Public Citizen also raised concerns over potential side effects of Byetta that may emerge as more individuals use the type-2 diabetes drug. They pointed out two serious health problems that have already emerged since the drug was introduced, including a link to pancreatitis and reports of altered kidney function.

In October 2007 and August 2008, the FDA issued safety alerts about reports of Byetta pancreatitis problems, including severe cases of hemorrhagic pancreatitis and necrotizing pancreatitis, which can be fatal. Symptoms of pancreatitis, which is an inflammation of the pancreas, include nausea, vomiting, severe pain in the upper abdomen and back, a rise or fall in blood pressure, and increased heart or respiratory rates.

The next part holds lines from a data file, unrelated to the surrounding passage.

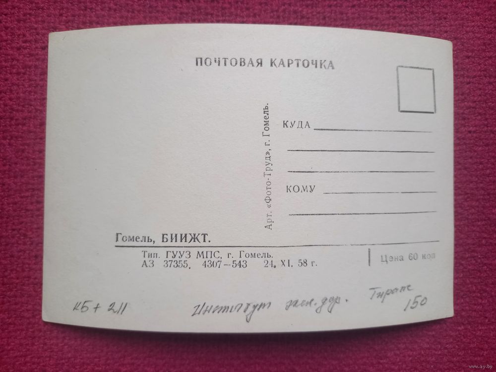 Гомель. БИИЖТ ( Белорусский институт инженеров железнодорожного транспорта ). ГУУЗ МПС г. Гомель. 1958 г. Чистая.
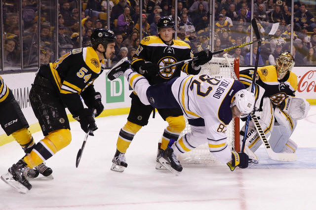 Sabres left wing Marcus Foligno (82) gets up ended by Boston Bruins
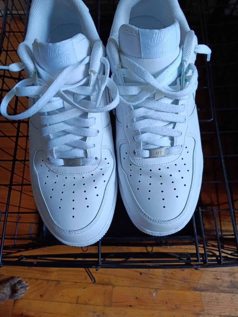Selling a pair of classic white Nike Air Force 1s. They're in good condition and ready for a new home! These shoes are a staple and go with just about anything

Following the FDA warnings, Public Citizen indicates that they conducted an independent analysis of the Byetta pancreatitis reports, finding a total of 181 reports of acute pancreatitis with Byetta between April 2005 and March 2009, including 142 cases that required hospitalization.

Public Citizen also expressed concerns over reports of kidney problems with Byetta, pointing out a warning issued in May 2008 by the European Medicines Agency, which is Europe’s drug regulatory agency, about 86 users of Byetta suffering kidney failure or indicators of kidney malfunction.

On Monday, the FDA issued a new warning indicating that they have received at least 78 post-marketing reports that link Byetta side effects to kidney problems, including 62 cases where the users experienced kidney failure. The U.S. regulatory agency determined that new information needs to be added to the drug’s label and that a patient Medication Guide needs to be developed to ensure patients and the medical community are aware of the risk and watch for signs of kidney problems with Byetta.

Following the FDA announcement, Amylin and Eli Lilly released a statement this week saying they agree with the labeling changes, but called the reported kidney problems rare events where there were usually other factors involved. The statement said that diabetes is a leading cause of kidney failure and that there is no evidence in Byetta’s preclinical and clinical studies that provide any evidence of Byetta having a toxic effect on the kidney.

Public Citizen generally recommends that people wait seven years before taking any new drug the FDA approves, noting that half of all new drug safety withdrawals occur within two year of FDA approval, and half of all “black box” warnings, the strongest label warning under federal law, are applied to drugs within the first seven years.